Alright, but I still have a question between the last time step output of GRU and GRU’s final state.
They are expected to be the same, right? I print them out and find them not really the same.
I run the code below.
# coding:utf-8
import torch
import torch.nn as nn
import numpy as np
from torch.autograd import Variable
seq_len = 6
batch_size = 1
input_size = 1
hidden_size = 10
num_layers = 3
batch_first = True
bidirectional = True
torch.manual_seed(1)
# **input** (seq_len, batch, input_size)
x = torch.rand(batch_size, seq_len, input_size)
x_rev = torch.from_numpy(np.flip(x.numpy(), 1).copy())
# (num_layers * num_directions, batch, hidden_size)
if bidirectional:
num_directions = 2
else:
num_directions = 1
h0 = torch.rand(num_layers*num_directions, batch_size, hidden_size)
rnn = nn.GRU(input_size, hidden_size, num_layers,
batch_first=batch_first, bidirectional=bidirectional)
print rnn
out, ht = rnn(Variable(x), Variable(h0))
print out.data.size()
print ht.data.size()
assert out.data.numpy().shape == (batch_size, seq_len, hidden_size*num_directions)
assert ht.data.numpy().shape == (num_layers*num_directions, batch_size, hidden_size)
print "output:"
print out.data.numpy()[0, seq_len-1, :] # [hidden_size*num_directions]
print "===================================="
print "ht:"
print ht.data.numpy()[:, 0, :] # [num_layers*num_directions, hidden_size]
So I get the output like this:
>>>
GRU(1, 10, num_layers=3, batch_first=True, bidirectional=True)
(1L, 6L, 20L)
(6L, 1L, 10L)
output:
[ **0.04090527 0.04467951 0.06184166 -0.119278 -0.07899605 -0.17775261**
**-0.25711796 -0.0560216 -0.06801324 -0.62566853** 0.09493496 -0.00143968
0.25473037 0.59195685 0.08295314 0.61662054 0.39969781 0.52175015
0.43700069 -0.04902107]
====================================
ht:
[[ 0.41622654 0.05891414 0.24079823 -0.20317592 0.20570976 0.07495184
0.31944707 -0.3336893 -0.17610091 -0.01868644]
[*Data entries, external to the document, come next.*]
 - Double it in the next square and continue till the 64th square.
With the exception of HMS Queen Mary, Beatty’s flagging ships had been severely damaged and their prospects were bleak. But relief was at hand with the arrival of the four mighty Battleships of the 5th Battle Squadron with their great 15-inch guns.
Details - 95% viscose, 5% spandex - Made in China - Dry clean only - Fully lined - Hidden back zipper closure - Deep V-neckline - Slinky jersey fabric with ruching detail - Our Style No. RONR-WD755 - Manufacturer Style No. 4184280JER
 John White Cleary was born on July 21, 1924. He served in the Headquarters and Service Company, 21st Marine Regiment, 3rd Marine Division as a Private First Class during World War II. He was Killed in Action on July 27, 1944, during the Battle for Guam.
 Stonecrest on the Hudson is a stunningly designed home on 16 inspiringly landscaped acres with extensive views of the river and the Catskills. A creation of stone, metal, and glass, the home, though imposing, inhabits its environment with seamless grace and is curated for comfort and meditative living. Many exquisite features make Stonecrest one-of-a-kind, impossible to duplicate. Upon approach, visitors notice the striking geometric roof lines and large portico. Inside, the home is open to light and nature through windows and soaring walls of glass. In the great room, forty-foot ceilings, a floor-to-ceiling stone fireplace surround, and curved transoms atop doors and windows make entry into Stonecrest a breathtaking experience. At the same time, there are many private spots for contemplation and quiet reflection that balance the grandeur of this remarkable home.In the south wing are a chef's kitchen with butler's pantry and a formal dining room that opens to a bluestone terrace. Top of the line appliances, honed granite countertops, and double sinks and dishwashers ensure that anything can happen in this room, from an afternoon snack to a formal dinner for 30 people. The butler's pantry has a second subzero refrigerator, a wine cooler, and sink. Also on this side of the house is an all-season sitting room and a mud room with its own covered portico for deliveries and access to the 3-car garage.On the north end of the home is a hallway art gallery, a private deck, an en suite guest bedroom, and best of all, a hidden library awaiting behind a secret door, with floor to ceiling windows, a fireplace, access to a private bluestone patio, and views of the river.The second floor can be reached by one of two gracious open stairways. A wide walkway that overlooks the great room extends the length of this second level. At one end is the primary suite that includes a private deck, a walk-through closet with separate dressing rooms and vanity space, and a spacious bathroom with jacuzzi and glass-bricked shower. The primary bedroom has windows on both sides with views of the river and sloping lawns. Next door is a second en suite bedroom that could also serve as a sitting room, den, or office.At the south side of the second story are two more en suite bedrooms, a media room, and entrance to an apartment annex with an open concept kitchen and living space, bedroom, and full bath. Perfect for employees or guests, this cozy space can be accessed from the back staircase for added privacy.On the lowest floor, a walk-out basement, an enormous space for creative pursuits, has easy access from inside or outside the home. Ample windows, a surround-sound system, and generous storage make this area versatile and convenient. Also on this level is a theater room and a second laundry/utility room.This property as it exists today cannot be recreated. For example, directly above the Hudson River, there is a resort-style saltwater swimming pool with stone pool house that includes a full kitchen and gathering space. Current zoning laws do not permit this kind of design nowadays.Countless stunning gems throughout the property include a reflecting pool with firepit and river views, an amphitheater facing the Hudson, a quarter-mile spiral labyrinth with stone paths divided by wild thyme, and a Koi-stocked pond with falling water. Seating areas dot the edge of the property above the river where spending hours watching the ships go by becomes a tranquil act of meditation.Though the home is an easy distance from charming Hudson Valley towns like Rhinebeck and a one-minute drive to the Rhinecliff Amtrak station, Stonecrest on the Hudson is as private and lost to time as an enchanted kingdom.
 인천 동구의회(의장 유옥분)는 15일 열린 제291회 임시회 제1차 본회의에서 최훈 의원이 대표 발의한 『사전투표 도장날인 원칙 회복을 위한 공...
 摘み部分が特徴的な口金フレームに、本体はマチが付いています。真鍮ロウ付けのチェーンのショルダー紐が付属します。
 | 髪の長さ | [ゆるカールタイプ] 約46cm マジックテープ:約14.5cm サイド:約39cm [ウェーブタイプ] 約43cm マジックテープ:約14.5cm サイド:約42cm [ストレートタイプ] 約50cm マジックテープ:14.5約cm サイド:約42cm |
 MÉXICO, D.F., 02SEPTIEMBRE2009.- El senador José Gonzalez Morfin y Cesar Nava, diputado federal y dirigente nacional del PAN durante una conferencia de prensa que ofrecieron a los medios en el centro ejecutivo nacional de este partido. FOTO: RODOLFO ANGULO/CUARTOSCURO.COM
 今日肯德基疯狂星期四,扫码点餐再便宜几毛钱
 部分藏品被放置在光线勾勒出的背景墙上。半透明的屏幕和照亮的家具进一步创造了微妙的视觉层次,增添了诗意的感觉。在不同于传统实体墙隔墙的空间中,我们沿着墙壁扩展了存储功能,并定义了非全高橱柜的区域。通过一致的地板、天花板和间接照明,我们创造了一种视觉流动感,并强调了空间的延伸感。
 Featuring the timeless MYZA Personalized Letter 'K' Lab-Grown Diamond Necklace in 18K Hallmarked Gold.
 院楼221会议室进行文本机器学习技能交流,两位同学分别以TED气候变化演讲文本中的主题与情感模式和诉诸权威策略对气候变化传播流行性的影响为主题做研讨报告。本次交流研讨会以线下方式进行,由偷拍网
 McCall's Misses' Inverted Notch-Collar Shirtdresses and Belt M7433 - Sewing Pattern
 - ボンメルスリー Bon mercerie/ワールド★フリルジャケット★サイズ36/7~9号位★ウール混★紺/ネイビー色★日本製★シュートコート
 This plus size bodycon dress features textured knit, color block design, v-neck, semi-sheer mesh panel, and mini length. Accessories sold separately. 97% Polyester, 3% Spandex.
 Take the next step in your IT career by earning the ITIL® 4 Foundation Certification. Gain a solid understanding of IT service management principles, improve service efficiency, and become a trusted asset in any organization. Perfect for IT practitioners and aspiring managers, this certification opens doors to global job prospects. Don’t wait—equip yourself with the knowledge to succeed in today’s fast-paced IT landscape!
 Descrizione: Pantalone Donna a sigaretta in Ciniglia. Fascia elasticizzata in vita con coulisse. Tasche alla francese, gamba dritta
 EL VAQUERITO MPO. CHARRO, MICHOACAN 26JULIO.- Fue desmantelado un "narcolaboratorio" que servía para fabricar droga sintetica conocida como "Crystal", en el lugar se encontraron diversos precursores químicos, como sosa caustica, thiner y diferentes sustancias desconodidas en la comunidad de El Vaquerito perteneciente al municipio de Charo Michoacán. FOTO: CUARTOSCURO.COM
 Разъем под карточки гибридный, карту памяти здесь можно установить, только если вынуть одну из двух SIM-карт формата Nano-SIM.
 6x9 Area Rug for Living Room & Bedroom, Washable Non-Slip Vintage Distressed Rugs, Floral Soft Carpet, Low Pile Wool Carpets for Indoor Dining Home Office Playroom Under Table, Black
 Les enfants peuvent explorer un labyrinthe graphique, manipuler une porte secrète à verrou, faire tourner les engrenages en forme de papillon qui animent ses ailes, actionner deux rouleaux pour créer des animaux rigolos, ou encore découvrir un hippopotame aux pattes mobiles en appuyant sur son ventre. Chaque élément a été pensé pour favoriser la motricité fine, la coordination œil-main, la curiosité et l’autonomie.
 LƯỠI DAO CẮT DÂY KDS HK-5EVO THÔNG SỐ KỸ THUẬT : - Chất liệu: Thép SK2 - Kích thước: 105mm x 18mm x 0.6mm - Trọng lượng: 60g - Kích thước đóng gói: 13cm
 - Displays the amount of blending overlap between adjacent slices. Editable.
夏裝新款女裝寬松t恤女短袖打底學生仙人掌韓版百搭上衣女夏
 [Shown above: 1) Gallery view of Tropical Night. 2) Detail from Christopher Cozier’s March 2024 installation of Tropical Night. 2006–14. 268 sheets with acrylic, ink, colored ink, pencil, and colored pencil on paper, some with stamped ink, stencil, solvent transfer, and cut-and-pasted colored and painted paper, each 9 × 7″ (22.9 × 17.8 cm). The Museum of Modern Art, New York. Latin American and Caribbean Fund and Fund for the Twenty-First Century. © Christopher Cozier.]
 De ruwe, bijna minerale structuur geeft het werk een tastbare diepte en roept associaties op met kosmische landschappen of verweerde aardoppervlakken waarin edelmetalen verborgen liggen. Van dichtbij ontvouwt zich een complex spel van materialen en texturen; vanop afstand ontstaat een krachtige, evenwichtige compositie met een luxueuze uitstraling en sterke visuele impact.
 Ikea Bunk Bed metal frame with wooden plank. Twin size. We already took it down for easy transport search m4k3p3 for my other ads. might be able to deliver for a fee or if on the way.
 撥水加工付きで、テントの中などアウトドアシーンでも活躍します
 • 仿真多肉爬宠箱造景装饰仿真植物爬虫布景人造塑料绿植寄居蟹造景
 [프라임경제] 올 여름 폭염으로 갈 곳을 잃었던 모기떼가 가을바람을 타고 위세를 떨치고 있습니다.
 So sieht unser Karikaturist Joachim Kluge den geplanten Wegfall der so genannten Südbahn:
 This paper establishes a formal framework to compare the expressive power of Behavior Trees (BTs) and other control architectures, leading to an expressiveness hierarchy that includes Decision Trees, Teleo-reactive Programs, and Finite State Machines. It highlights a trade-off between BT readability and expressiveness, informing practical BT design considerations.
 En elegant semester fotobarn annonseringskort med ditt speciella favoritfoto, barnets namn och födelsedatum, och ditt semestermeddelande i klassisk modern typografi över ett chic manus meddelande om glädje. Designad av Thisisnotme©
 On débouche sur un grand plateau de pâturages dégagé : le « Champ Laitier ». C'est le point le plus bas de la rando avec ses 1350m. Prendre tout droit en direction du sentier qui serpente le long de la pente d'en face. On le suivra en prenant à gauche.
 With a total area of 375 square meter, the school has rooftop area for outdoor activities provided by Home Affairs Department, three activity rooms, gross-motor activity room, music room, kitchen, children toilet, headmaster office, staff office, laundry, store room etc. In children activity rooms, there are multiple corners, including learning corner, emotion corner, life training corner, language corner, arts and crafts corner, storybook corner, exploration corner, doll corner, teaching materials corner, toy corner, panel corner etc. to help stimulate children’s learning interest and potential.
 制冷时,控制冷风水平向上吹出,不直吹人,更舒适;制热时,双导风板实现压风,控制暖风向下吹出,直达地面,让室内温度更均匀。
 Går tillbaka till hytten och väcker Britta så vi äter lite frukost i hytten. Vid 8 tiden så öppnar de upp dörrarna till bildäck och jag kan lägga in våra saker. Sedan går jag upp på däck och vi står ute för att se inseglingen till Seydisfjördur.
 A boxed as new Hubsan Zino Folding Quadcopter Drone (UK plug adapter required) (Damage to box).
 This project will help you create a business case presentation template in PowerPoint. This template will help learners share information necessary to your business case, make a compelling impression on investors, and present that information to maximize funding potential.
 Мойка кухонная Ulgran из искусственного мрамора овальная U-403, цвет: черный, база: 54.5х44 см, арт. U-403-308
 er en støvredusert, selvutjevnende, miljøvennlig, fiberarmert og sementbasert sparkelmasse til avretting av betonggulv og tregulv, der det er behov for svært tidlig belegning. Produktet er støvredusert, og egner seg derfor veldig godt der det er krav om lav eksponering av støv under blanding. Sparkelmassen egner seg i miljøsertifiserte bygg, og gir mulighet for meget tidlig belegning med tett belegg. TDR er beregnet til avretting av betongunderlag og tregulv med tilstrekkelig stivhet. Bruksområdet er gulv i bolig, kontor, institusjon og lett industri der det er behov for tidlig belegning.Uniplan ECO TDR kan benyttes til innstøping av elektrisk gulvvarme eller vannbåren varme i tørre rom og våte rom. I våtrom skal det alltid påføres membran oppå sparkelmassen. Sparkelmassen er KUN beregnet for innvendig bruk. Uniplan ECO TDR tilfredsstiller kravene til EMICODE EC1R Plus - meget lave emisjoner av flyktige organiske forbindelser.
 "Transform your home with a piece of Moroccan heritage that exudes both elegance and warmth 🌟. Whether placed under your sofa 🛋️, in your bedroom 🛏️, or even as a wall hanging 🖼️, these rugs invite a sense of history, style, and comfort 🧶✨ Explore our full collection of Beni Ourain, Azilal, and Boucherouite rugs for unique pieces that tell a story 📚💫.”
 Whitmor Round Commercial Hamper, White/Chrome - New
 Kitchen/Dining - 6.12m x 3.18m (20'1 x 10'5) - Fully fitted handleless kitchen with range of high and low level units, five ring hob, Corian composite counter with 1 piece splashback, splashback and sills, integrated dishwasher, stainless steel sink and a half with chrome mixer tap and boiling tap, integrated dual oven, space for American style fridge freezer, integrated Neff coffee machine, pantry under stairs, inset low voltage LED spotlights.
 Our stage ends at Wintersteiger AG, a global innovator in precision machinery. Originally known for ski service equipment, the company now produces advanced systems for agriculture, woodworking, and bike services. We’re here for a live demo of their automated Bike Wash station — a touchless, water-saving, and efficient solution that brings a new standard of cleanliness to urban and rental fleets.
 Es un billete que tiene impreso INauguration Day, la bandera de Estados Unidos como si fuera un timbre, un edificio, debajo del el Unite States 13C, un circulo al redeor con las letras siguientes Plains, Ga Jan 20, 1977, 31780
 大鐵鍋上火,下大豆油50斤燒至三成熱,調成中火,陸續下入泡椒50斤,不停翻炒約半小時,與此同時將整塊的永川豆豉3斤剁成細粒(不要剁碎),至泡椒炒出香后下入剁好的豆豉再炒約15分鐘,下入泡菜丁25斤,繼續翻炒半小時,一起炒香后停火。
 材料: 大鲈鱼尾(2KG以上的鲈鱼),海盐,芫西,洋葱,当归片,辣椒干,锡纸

[ 0.188013 -0.27898508 0.13432087 -0.079565 0.19181061 -0.28547999
-0.19238529 0.08653103 -0.33994722 0.12975907]
[-0.1610465 -0.1817638 -0.07482101 -0.04572783 0.27683198 0.16544969
0.10135207 -0.43468314 -0.46809191 -0.00571362]
[-0.27692401 -0.04289184 0.14566612 0.12111901 0.12315567 0.35866803
0.0838761 -0.08178325 0.40468279 -0.1950635 ]
[ **0.04090527 0.04467951 0.06184166 -0.119278 -0.07899605 -0.17775261**
**-0.25711796 -0.0560216 -0.06801324 -0.62566853**]
[ 0.04620094 -0.34189698 0.08069657 0.39240748 -0.09260736 0.61043888
0.26960379 0.2404768 -0.13964601 0.07339926]]
As we can see, output[:hidden_size] = ht[4]
BUT output[hidden_size:] =
0.09493496 -0.00143968
0.25473037 0.59195685 0.08295314 0.61662054 0.39969781 0.52175015
0.43700069 -0.04902107
cannot match in ht.
I check the doc
Outputs: output, h_n
- **output** (seq_len, batch, hidden_size * num_directions): tensor containing the output features h_t from
the last layer of the RNN, for each t. If a :class:`torch.nn.utils.rnn.PackedSequence` has been given as the
input, the output will also be a packed sequence.
- **h_n** (num_layers * num_directions, batch, hidden_size): tensor containing the hidden state for t=seq_len
and don’t know what I’ve missed. We’ve got the final step forward output in h_n but why not the final step backward output in h_n?? h_n should have num_directions final hidden state right?